Kelpies VS Border Collies
For the last few weeks we’ve been looking after some lovely border collies!
I’ve been enjoying observing the difference between these border collies and my two kelpies.
I’ve loved kelpies since McLeod’s Daughters aired on TV in 2001 (actually, if I’m honest, McLeod’s Daughters has a lot to answer for). I’ve loved the kelpies style of work, their eagerness to please, their loyalty, their intelligence and, of course, they’re absolutely gorgeous (every single one of them)!

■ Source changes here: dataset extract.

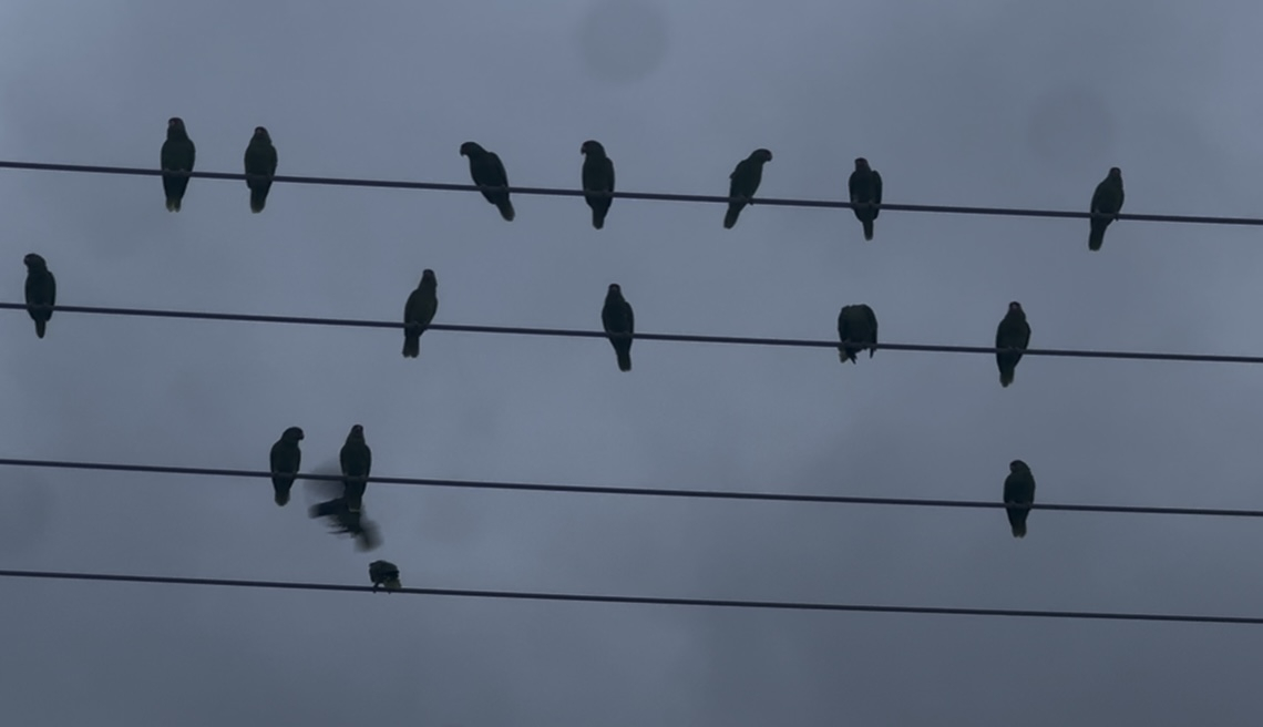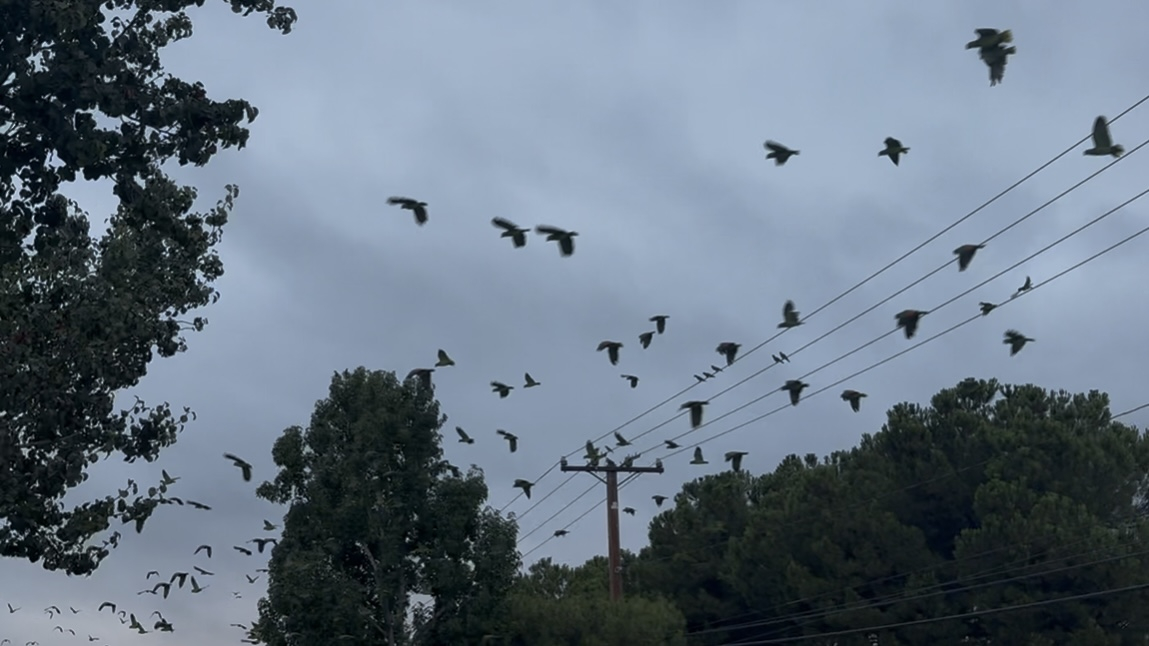 I saw this pandemonium of wild parrots by my house yesterday and stopped and took some pics and video. I think there was close to 200 of them squawking and making a racket. And yes, a flock of parrots is called a pandemonium. The more you know…

Pepsi and Noisy are both fairly chilled out kelpies. They don’t work. Not because they don’t have the working instinct but because I don’t have a nice big property with sheep and cows (much to my own disgust). P actually spent her first one and a half years on a dairy farm on King Island. However her previous owners didn’t fully understand the mind of a working dog and chose to use physical abuse to train her (P’s full story will need another blog, so I won’t go into great detail here). Despite her rough start P understands the basic commands for working, I just needed to retrain her so that she didn’t expect a belting with each command. She does have a tendency to think she knows better than me though, occasionally going in the opposite direction that I have asked her to go (and only once or twice has she proven me wrong). P also has the tendency to prefer to round up anything on wheels rather than legs and loves barking and carrying on (sometimes I think I called the wrong dog Noisy).
Noisy, however, hasn’t had a lot of exposure to working, other than trying to work Pepsi every day. She’s attempted to work the odd chook (which aren’t all that easy for a pup just starting out), she’s tried to round up Indian Runner ducks (which are much easier and perfect for starting dogs on), has had a few attempts on sheep and has pushed some cows up once. N just doesn’t quite have the confidence yet and I don’t have the resources or the knowledge to bring her confidence up (which is something I aim to work on).

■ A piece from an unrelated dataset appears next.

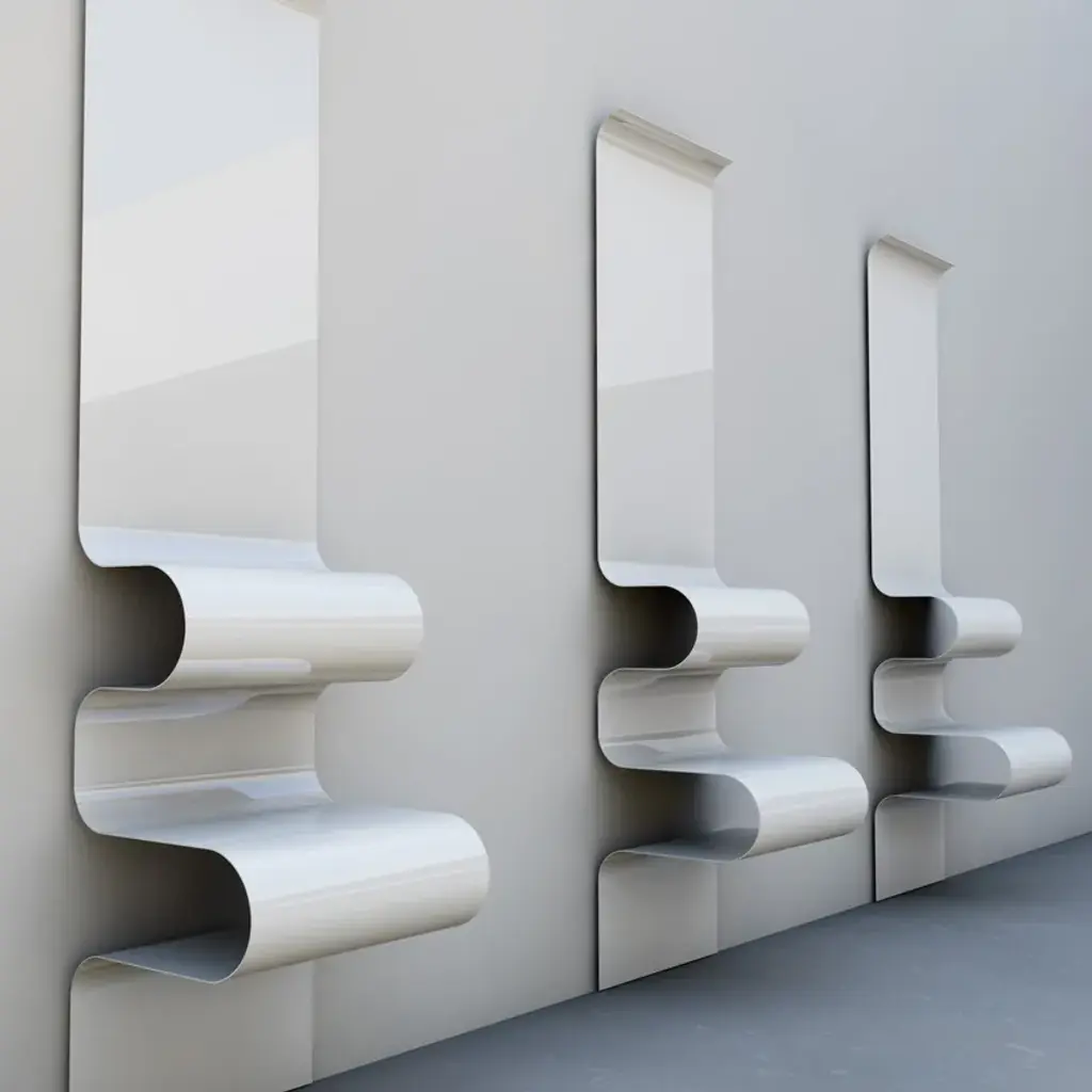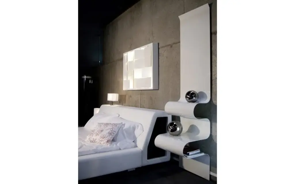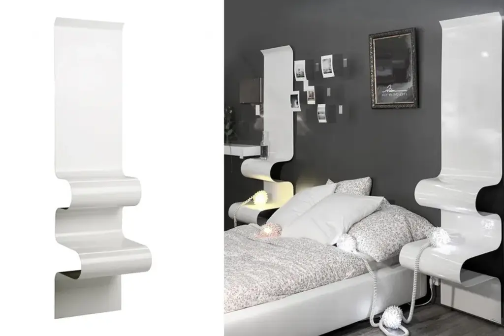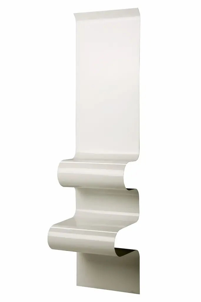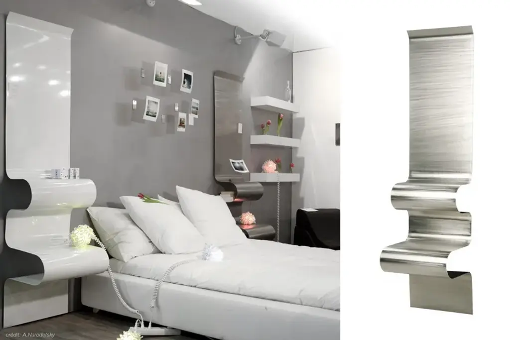 Powder coated aluminium Bookshelf, low table, bedside or small furniture. Range of shelves in powder-coated aluminium or silver aluminium, also available customized, in all colours.Julien Vidame has built his own bending machine to get that shape because manufacturers could not. Waves are studied to receive objects, books, lights, above or inside, which offers a hiding game. They are much functional (strong) because there's a lot of space, and a flat surface to avoid objects to slide, as we can expect. Entirely pured, they bring out the impression of movement in a room. It's extremely simple, the setting up is made in 15min with its movable racks, become invisibles and peel off the wall 1cm this waved line.The range is studied to be stacked, the bookshelf above the small one goes from the floor to a standard ceiling high. This product works well for interior designers who wish to fill a wall with a deep and forceful concept, and functional too.

When it comes to playing with balls or sticks though, P and N are completely focused on the object being thrown. P attempts to round the object up, casting right around it and rarely actually getting it because N has done a beeline straight for it and, more often than not, has caught it in the air. If P does get it, she will parade around with it in her mouth, attempting to bark and yap, until I ask her to bring it to me. Then she will drop it, wherever she happens to be at the time, and will proceed to bark at me as if to tell me to come get it myself. I can always rely on N to bring it back though.
The three border collies we’ve had the pleasure of looking after are completely different. They all seem completely focused on the other dogs rather than the object that is being thrown. And they can’t relax!

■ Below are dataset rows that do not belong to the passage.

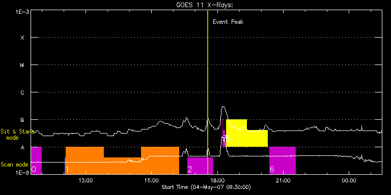 EIS Observation timeline overlay to GOES-Xray curve Code 1" 2" 40" 266" EIS Observations list for this event: STUDY ACRONYM ID DATE OBSERVED DESCRIPTION NOAA# TARGET 0 TW_AR111 | 2532 | 2007/05/04 09:31:57 | TW active regio iron study | | Active Region TIMELINE ID DATE OBSERVED FITS FILE XCEN (+W/-E) YCEN (+N/-S) DUR ----------------------------------------------------------------------------------------------------------------- 2532 | 2007/05/04 09:31:57.000 | eis_l0_20070504_093157.fits.gz | 612.50 | 287.50 | 27m57s 1 coronal_wave_study | 2533 | 2007/05/04 11:03:34 | coronal_wave_study | | Quiet Sun TIMELINE ID DATE OBSERVED FITS FILE XCEN (+W/-E) YCEN (+N/-S) DUR ----------------------------------------------------------------------------------------------------------------- 2533 | 2007/05/04 11:03:34.000 | eis_l0_20070504_110334.fits.gz | 584.06 | 336.92 | 1m33s 2533 | 2007/05/04 11:05:33.000 | eis_l0_20070504_110533.fits.gz | 572.76 | 331.35 | 1h43m9s 2533 | 2007/05/04 12:48:46.000 | eis_l0_20070504_124846.fits.gz | 585.05 | 337.14 | 1h43m8s 2533 | 2007/05/04 14:31:58.000 | eis_l0_20070504_143158.fits.gz | 597.21 | 342.77 | 1h43m8s 2 GAD001_AR_rast | 2534 | 2007/05/04 16:37:57 | GAD001_AR_rast | | Active Region TIMELINE ID DATE OBSERVED FITS FILE XCEN (+W/-E) YCEN (+N/-S) DUR ----------------------------------------------------------------------------------------------------------------- 2534 | 2007/05/04 16:37:57.000 | eis_l0_20070504_163757.fits.gz | 609.87 | 284.70 | 1h10m39s 3 regcal014 | 2535 | 2007/05/04 18:14:11 | ADC offset | | Engineering TIMELINE ID DATE OBSERVED FITS FILE XCEN (+W/-E) YCEN (+N/-S) DUR ----------------------------------------------------------------------------------------------------------------- 2535 | 2007/05/04 18:14:11.000 | eis_l0_20070504_181411.fits.gz | 15.09 | 116.89 | 4 regcal015 | 2536 | 2007/05/04 18:15:21 | Dark current, hot pixels and column de | | Engineering TIMELINE ID DATE OBSERVED FITS FILE XCEN (+W/-E) YCEN (+N/-S) DUR ----------------------------------------------------------------------------------------------------------------- 2536 | 2007/05/04 18:15:21.000 | eis_l0_20070504_181521.fits.gz | 15.05 | 116.87 | 4m25s 5 HPW014_SLOT266_MOVIE | 2537 | 2007/05/04 18:23:40 | HPW014_SLOT266_MOVIE | | Active Region TIMELINE ID DATE OBSERVED FITS FILE XCEN (+W/-E) YCEN (+N/-S) DUR ----------------------------------------------------------------------------------------------------------------- 2537 | 2007/05/04 18:23:40.000 | eis_l0_20070504_182340.fits.gz | 618.42 | 352.52 | 56m16s 2537 | 2007/05/04 19:19:59.000 | eis_l0_20070504_191959.fits.gz | 624.70 | 355.46 | 56m19s 6 GAD001_AR_rast | 2538 | 2007/05/04 20:22:33 | GAD001_AR_rast | | Active Region TIMELINE ID DATE OBSERVED FITS FILE XCEN (+W/-E) YCEN (+N/-S) DUR ----------------------------------------------------------------------------------------------------------------- 2538 | 2007/05/04 20:22:33.000 | eis_l0_20070504_202233.fits.gz | 635.29 | 296.48 | 1h10m41s : Check study information : Download file : View thumbnails For this event, also check for: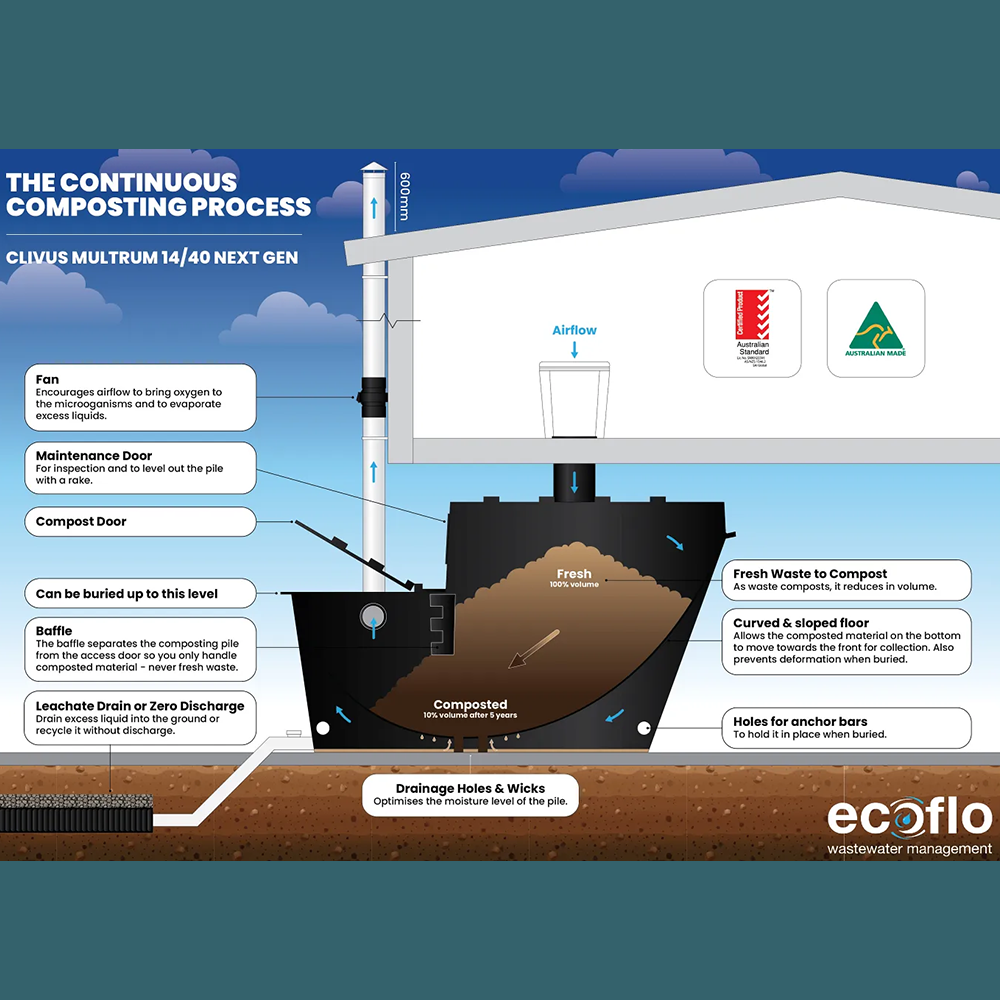 Proudly Australian-designed and owned, this high-capacity system is ideal for commercial use, large households, and public facilities, ensuring efficient, eco-friendly waste management for up to 19 part-time users.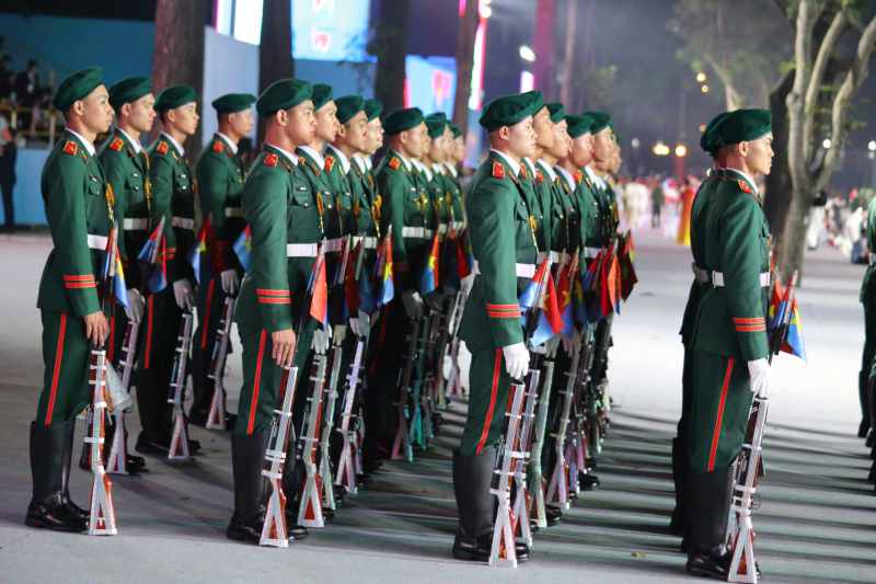 Đặc biệt, phần diễu binh, diễu hành có sự tham gia của các khối đại diện lực lượng vũ trang 3 nước Trung Quốc, Lào và Campuchia.

P and N know when it’s play time and when it’s relax time. If I’m inside they are on the verandah, on their beds, sleeping. But these border collies can’t sit still. They’re not happy outside, they’re not happy inside. They always have to be doing something. Like a kid with ADHD.
Maybe I just have it easy with my dogs. Either way, I am definitely a kelpie lover and am very grateful that P and N are so easygoing.